One potential fraud and abuse problem cited by the OIG was the overlapping, as-needed nature of the leases that would make it difficult to monitor, assess and document fair market value. Such overlapping arrangements are typical in per-click lease agreements for imaging services.
Finally, the OIG cited risk created by guaranteeing a certain income stream from the physical therapy center by basing the rental payments from all lessees on the total rental value of the equipment, space and personnel services of the physical therapy center, rather than on each lessee’s individual usage of the physical therapy center.
The OIG is concerned that a guaranteed income stream could constitute a form of compensation in exchange for referrals. Thus, the OIG concluded that because the physician group’s proposal could potentially generate prohibited remuneration under the anti-kickback statute, it did not qualify for safe harbor protection and that the OIG could potentially impose administrative sanctions on the physician group in the event it was to proceed with its proposal.
Was the second opinion the same?
Mr. Greeson: Last December, the OIG reiterated its “longstanding concerns” regarding contractual joint ventures in another advisory opinion. Specifically, the OIG takes issue with what it views as “turn-key” arrangements where the leasing physician group commits little or nothing in the way of financial or human resources to the arrangement and, therefore, assumes no real business risk. The OIG did not accept the argument that the lessee physician groups incur business risk through the requirement that they pay a flat monthly fee, regardless of how often or how little they utilize the leased facility since the lessor admitted that the monthly fee would be established based on historical usage data for the physician group. The OIG felt that use of historical data would allow the parties to set a monthly fee that could easily be met by the physician groups based on past business generated. In sum, the OIG noted that:
The leasing company was in a position to be a competitor to the physician groups.
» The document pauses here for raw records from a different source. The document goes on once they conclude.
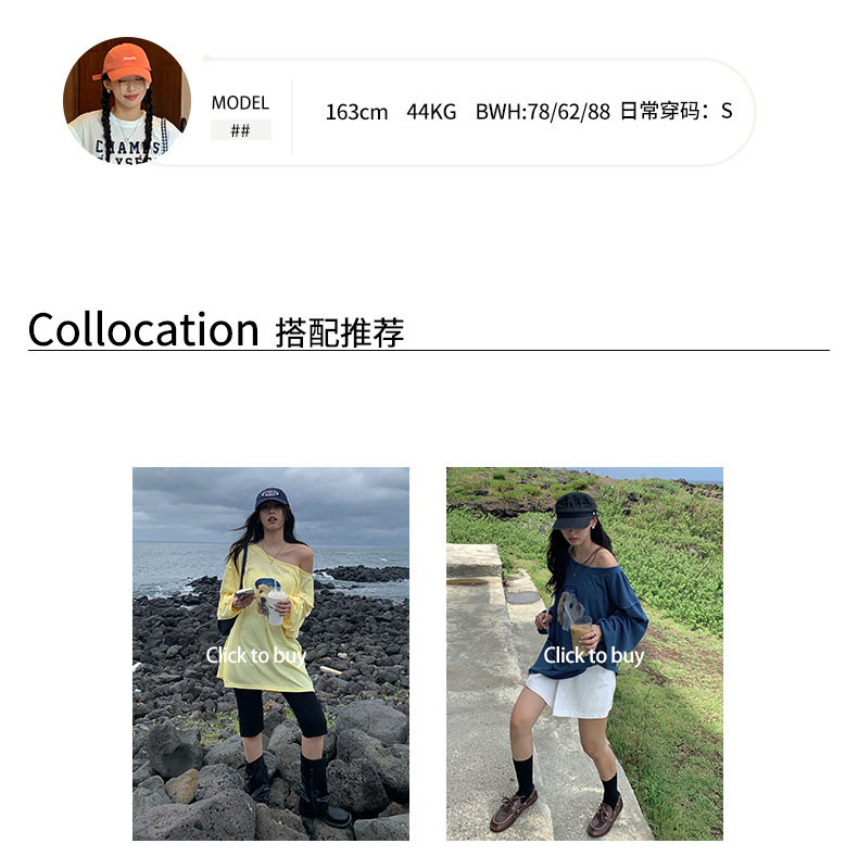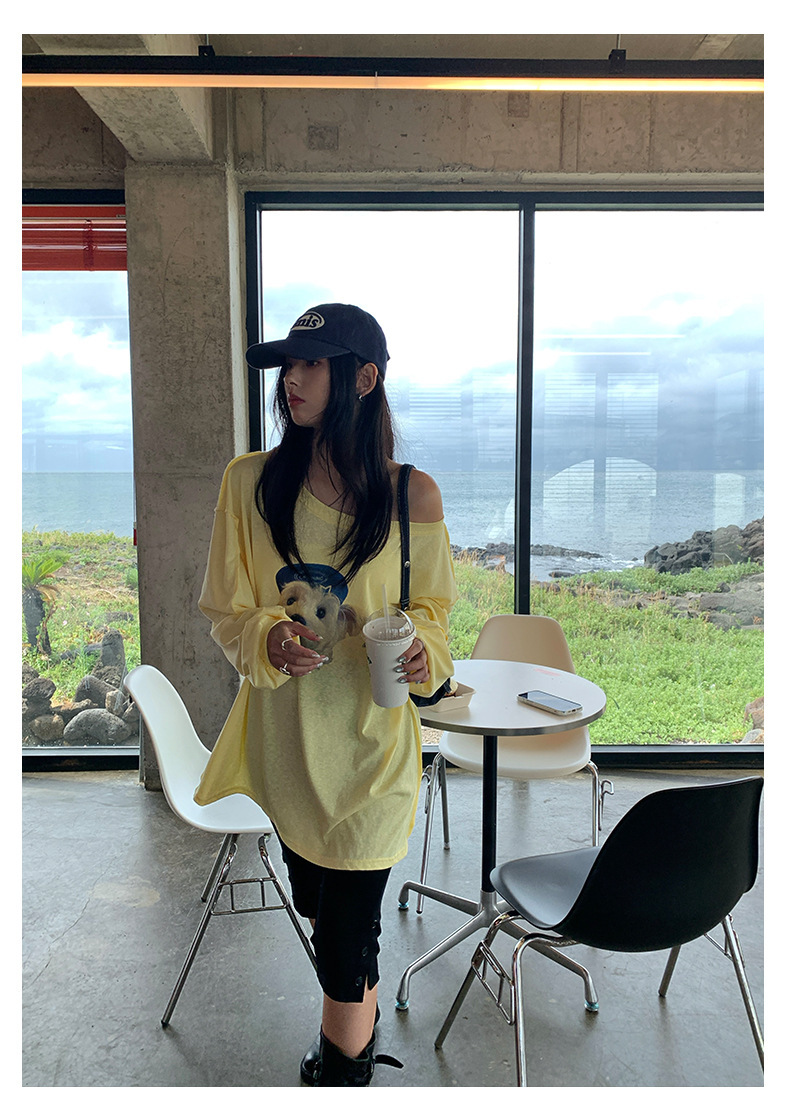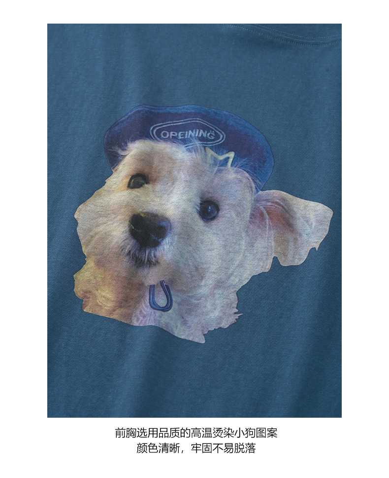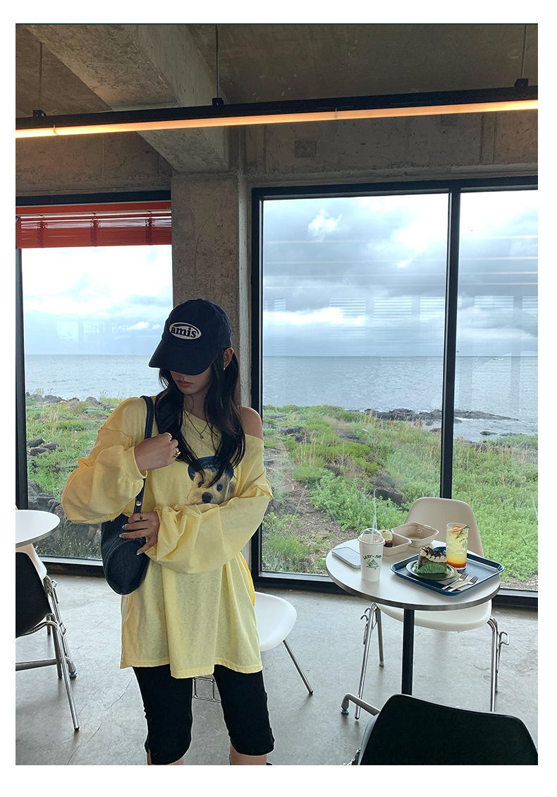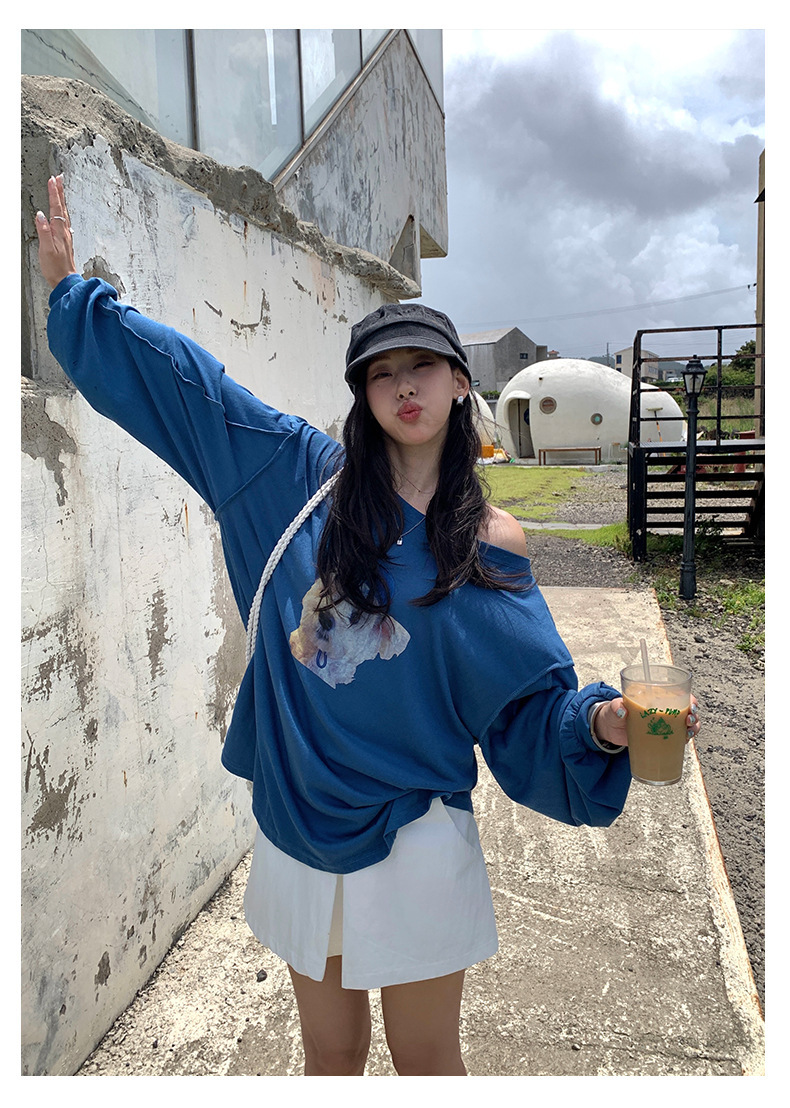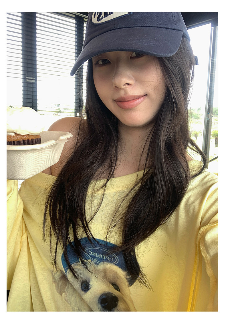 *o-ha-you*【FHZH1DC5030679】韓版秋季美式風寬鬆狗狗印花防曬衫一字肩T恤上衣-2色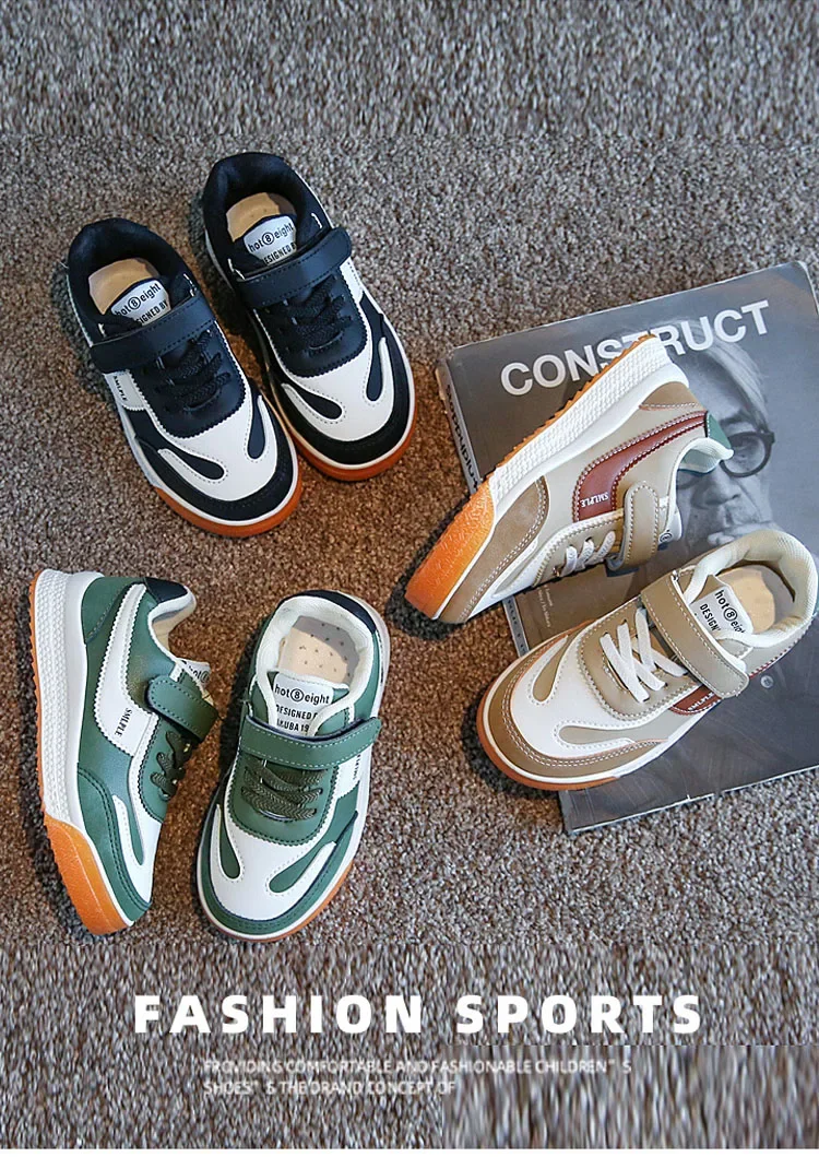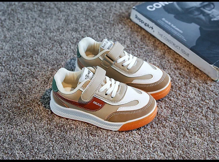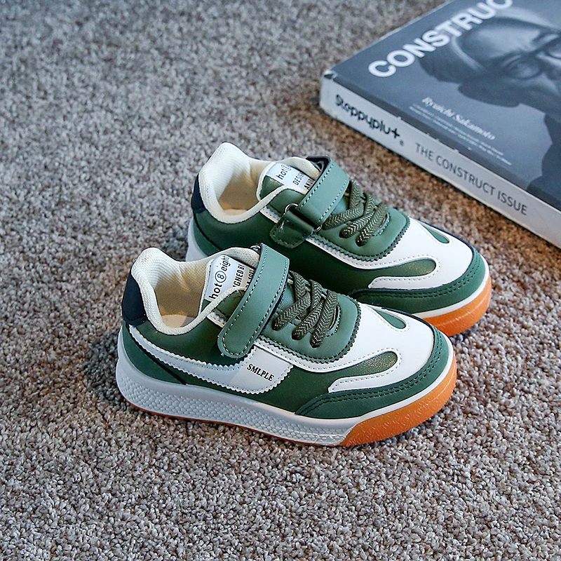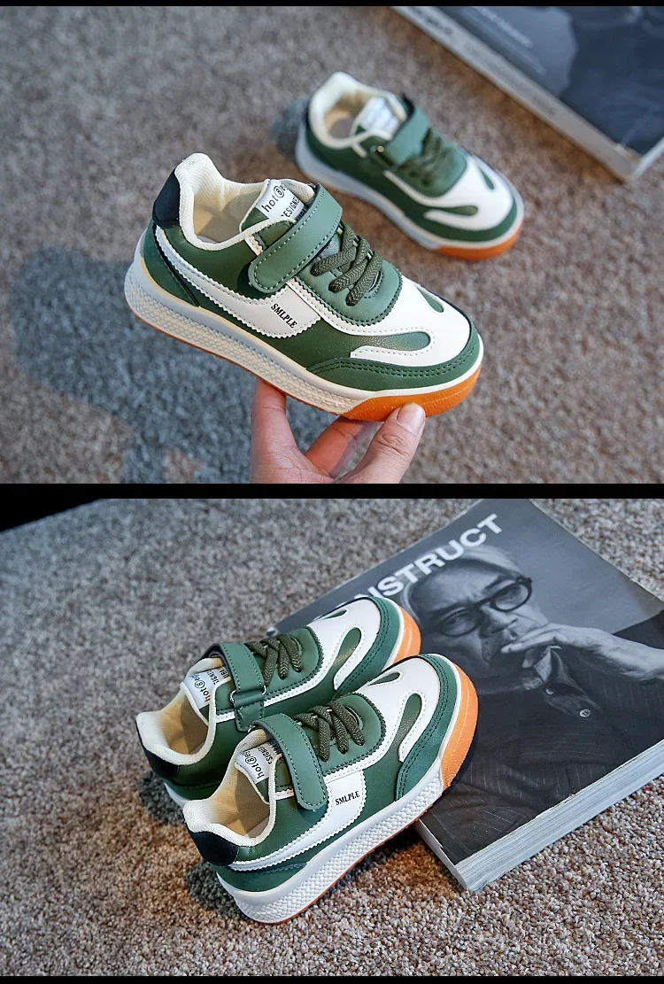 Children’s Spring New Leather Upper Sneakers Middle Large Children’s Casual Shoes Boys and Girls Soft Sole Students Tennis Shoes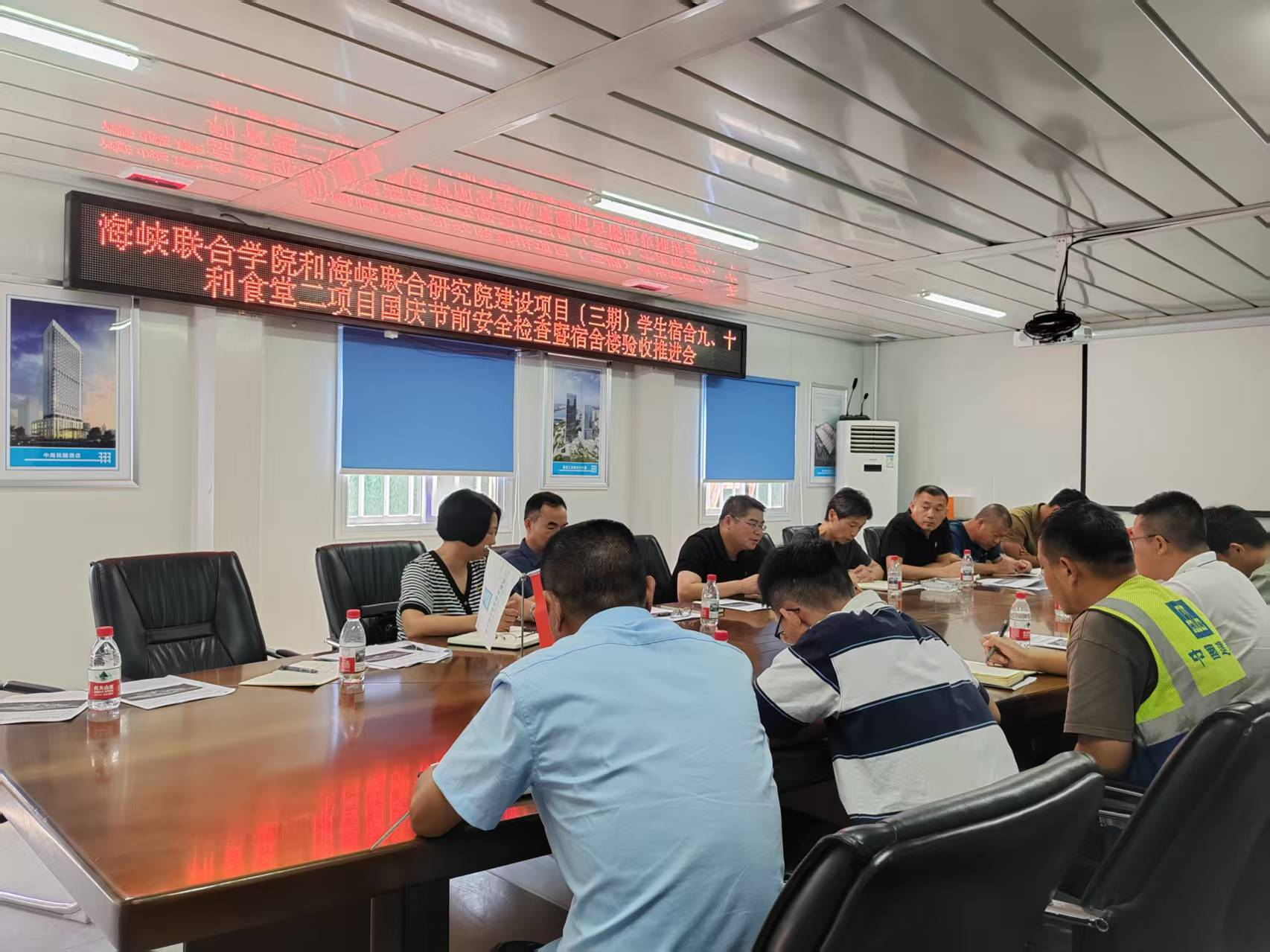在福州大学城校区海峡两院(三期)学生宿舍九、十和食堂二项目现场检查项目进展并召开推进会,明确“假期不停工、安全不掉线、质量不降低”的工作要求,要求参建各方要倒排工期,以宿舍楼先行竣工验收顺利交付使用为首要目标,加强统筹协调和业务指导工作,加快室外工程进度,重点关注人员安全、工程质量、工期进度等关键环节,利用假期有利时间抢抓工期,明确工程进度目标和验收程序流程,以实干实效践行习近平总书记重要回信精神。

The aggregate payments to the company would vary with the volume of referrals by the lessee groups.
The two parties would share in the economic benefit generated by their referrals.
Although certain aspects of the arrangement could potentially qualify for protection under a safe harbor, the arrangement as a whole and the profit it generates for the physician groups could not be protected under safe harbor.
The OIG concluded that the proposal appears to be constructed for the purpose of doing what the leasing company could not otherwise do directly—that is, pay the physician groups for patient referrals and, thus, could expose the parties to the imposition of sanctions.
Does this mean that one must avoid lease arrangements altogether?
Mr. Greeson: Not necessarily. Properly structured lease arrangements can be organized to comply with Stark and should be capable of withstanding scrutiny under the anti-kickback statute. We recommend that our clients who enter into lease agreements look to block-time lease arrangements, where specific date and time slots are set in advance, and thus meet the equipment and space rental safe harbors.
If blocks of scans or blocks of hours of scan time are leased, pricing must be set to make sure the lessee is incurring genuine business risk. We suggest they avoid arrangements that vary pricing based on the volume or value of referrals.
Will these arrangements continue to proliferate unabated?
Mr. Greeson: Hard to say for sure, but probably not. The OIG has too many concerns. MedPAC has recommended steps to Congress to eliminate many such arrangements, and payers like Highmark Blue Cross Blue Shield in the Pittsburgh area will not permit its participating imaging centers to lease to other physician groups. The Louisiana State Board of Medical Examiners has issued an opinion that per-click lease arrangements violate the state’s anti-kickback law. If other states or other payers follow their lead, these arrangements could disappear.